● Record excerpts:
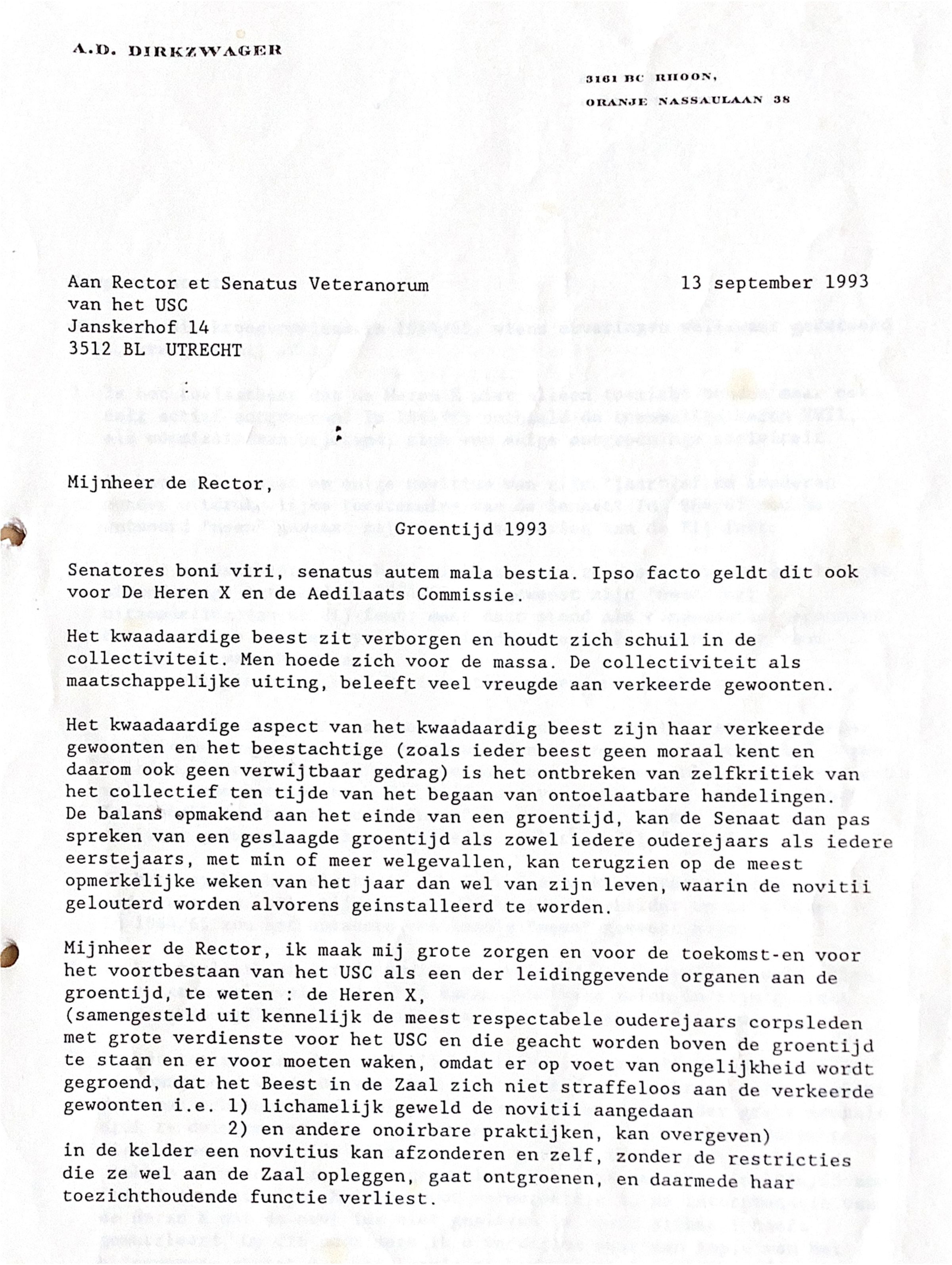 Mijnheer de Rector, ik kan mij niet indenken dat de Heren X met voldoening terugkijken op de nacht van 9 op 10 september 1993, waar het kwaadaardig beest van de "Uebermensch" een ander mens tot een "Untermensch" degradeerde, zijn naam en reputatie defameerde, zonder enig ludiek element (zelfs niet na afloop) en daardoor een strafmaat toepaste, die in een totalitaire systeem niet had mistaan.
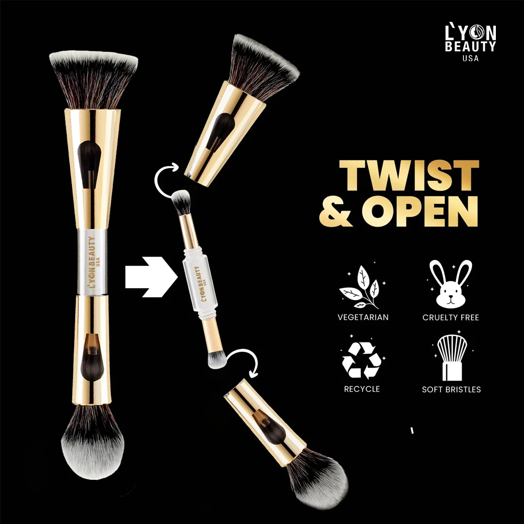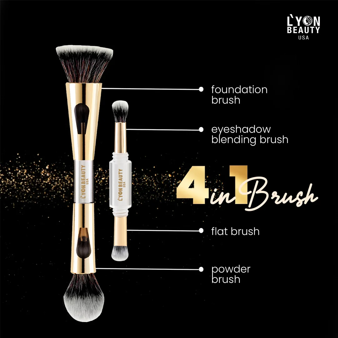 The 4 in 1 Travel Brush is a versatile, multi-functional makeup tool featuring a foundation brush, powder brush, eyeshadow blending brush, and flat brush—all in one compact design. Perfect for liquid, powder, or cream-based makeup, its dense stippling bristles ensure controlled application, even coverage, and a streak-free finish. Each brush is protected by an expandable nylon mesh cover that maintains the bristles' shape and cleanliness, preserving the brush's original quality. Crafted with ultra-soft, vegan, synthetic, and cruelty-free bristles, it provides a smooth blending experience with no strokes left behind. The firm and sturdy handle ensures ease of use and precise application, allowing you to express yourself with comfort and confidence.
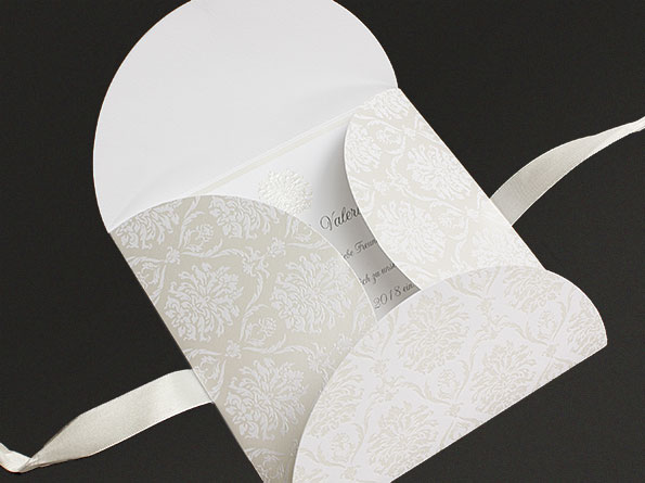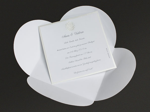 Im Inneren befindet sich ein hochwertiger Einleger, auf den Eure Einladungstexte gedruckt werden. Auch dieser ist mit einer dezenten Prägung versehen und verleiht der Karte eine besondere Wertigkeit. Eine elegante, weiße Schleife rundet das romantische Design ab.
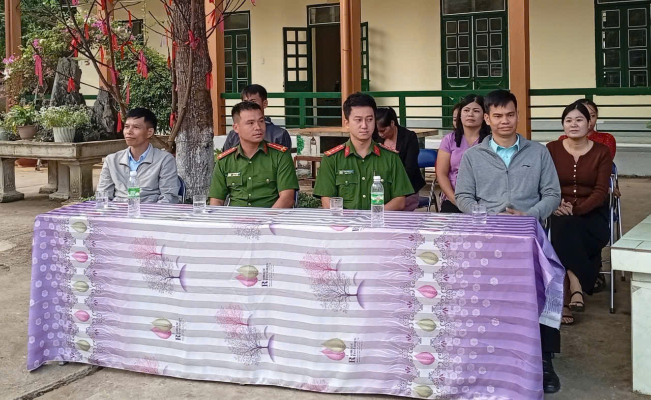 (Từ trái sang: thầy Phạm Trung Thành – Hiệu trưởng nhà trườngĐại úy Lò Văn Tân, Đại úy Đặng Ngọc Hải – Cán bộ Phòng Cảnh sát PCCC&CNCH Công an tỉnh Điện Biên, thầy Nguyễn Hồng Điển – Phó hiệu trưởng)
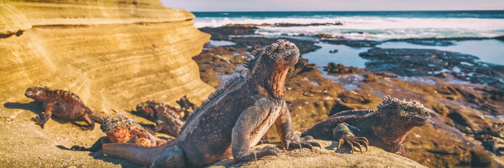 Galápagos National Park (Parque Nacional Galápagos) is one of Ecuador's 11 national parks in western South America, located on 13 volcanic islands of the same name, nearly 1,000 km (miles) off the country's Pacific coast. The main feature of the park is its unique fauna, including sea iguanas, turtles, and many other animals. It was here that Charles Darwin made a trip, after which he developed his theory about the origin of species on earth. The park is also known for the volcanic islands themselves, starting with its highest and the most prominent mountain, the active Volcán La Cumbre (1,481 m / 4,859 ft). In total there are 25 named mountains in Parque Nacional Galápagos.
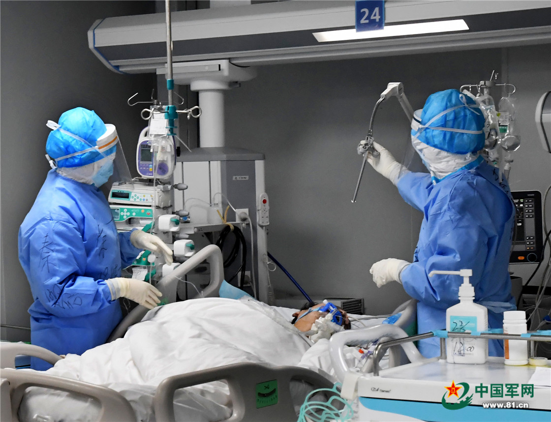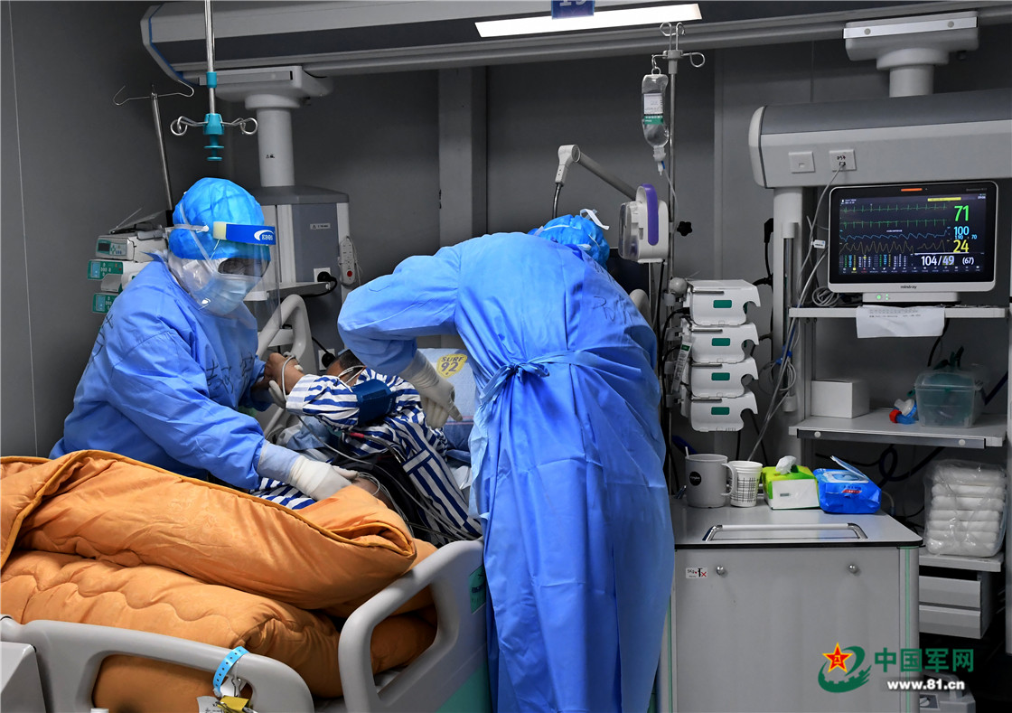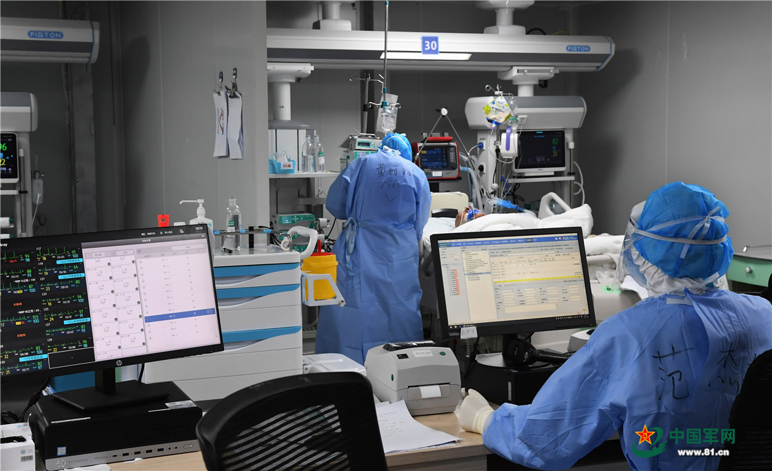 医护人员监控观察患者的病情变化。解放军报记者 王传顺 摄
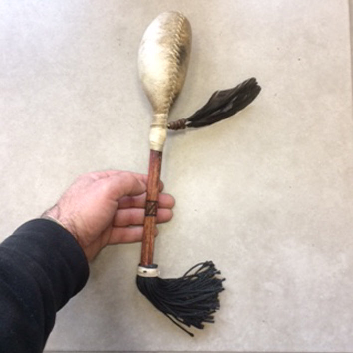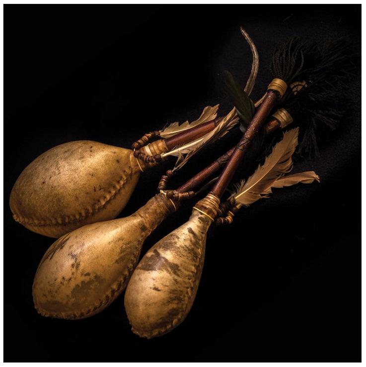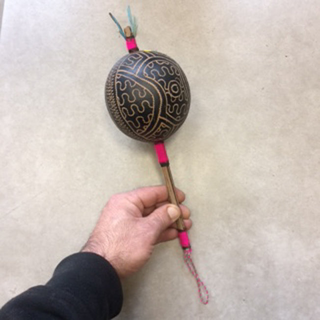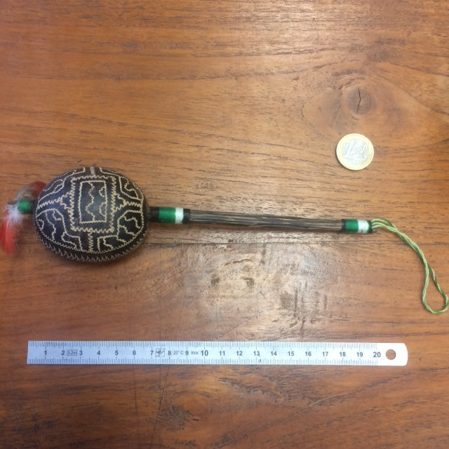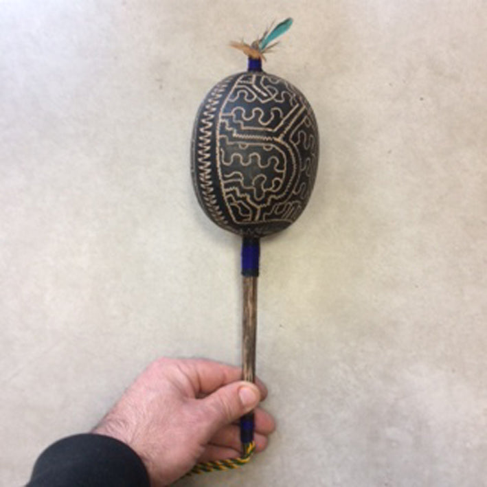 Hochet Shipibo (Pérou) | Peuple Shipibo-Conibo, Amazonie péruvienne | Fabriqué à partir de calebasses, graines et bois, souvent décoré de motifs sacrés | Utilisé par les chamans lors des cérémonies, rituels de guérison et chants icaros |
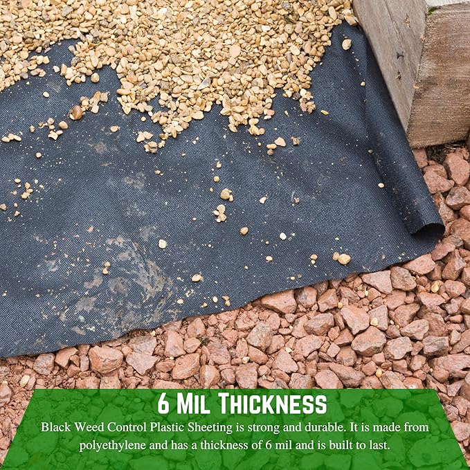 - Longevity - This 6 mil black plastic sheeting is manufactured to withstand any type of use. It will stand up to rain, wind, cold, and heat, ensuring that you get excellent use out of it. Our thick black plastic sheeting is engineered to be a superior material, usable for many different applications.
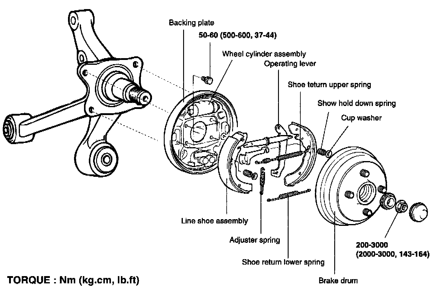 4. After assembling the drum components, pull the parking brake lever all the way up several times.
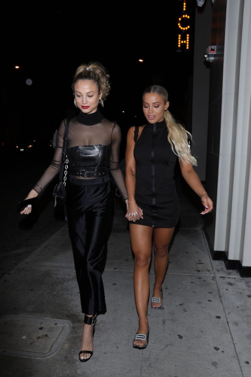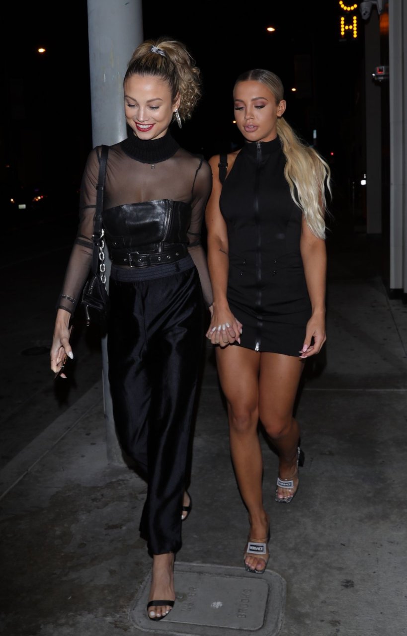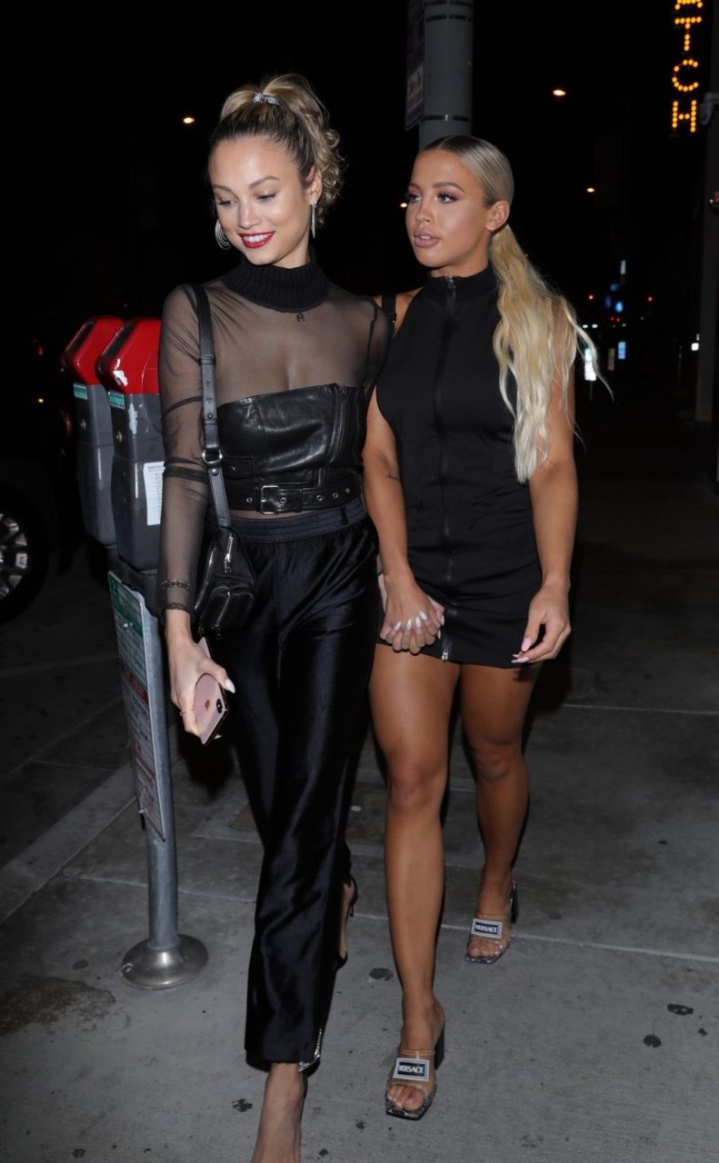 La modelo fitness australiana Tammy Hembrow llevó un vestido negro corto y zapatos transparentes de Versace para una noche de chicas en Catch LA con Rose Bertram en West Hollywood, 17/03/2019.

● Action item: Leaving all pictures aside, print exactly the lines from the one that contains "4. After assembling" through the last line of the data above, inclusive.

● Reply:
 4. After assembling the drum components, pull the parking brake lever all the way up several times.
 La modelo fitness australiana Tammy Hembrow llevó un vestido negro corto y zapatos transparentes de Versace para una noche de chicas en Catch LA con Rose Bertram en West Hollywood, 17/03/2019.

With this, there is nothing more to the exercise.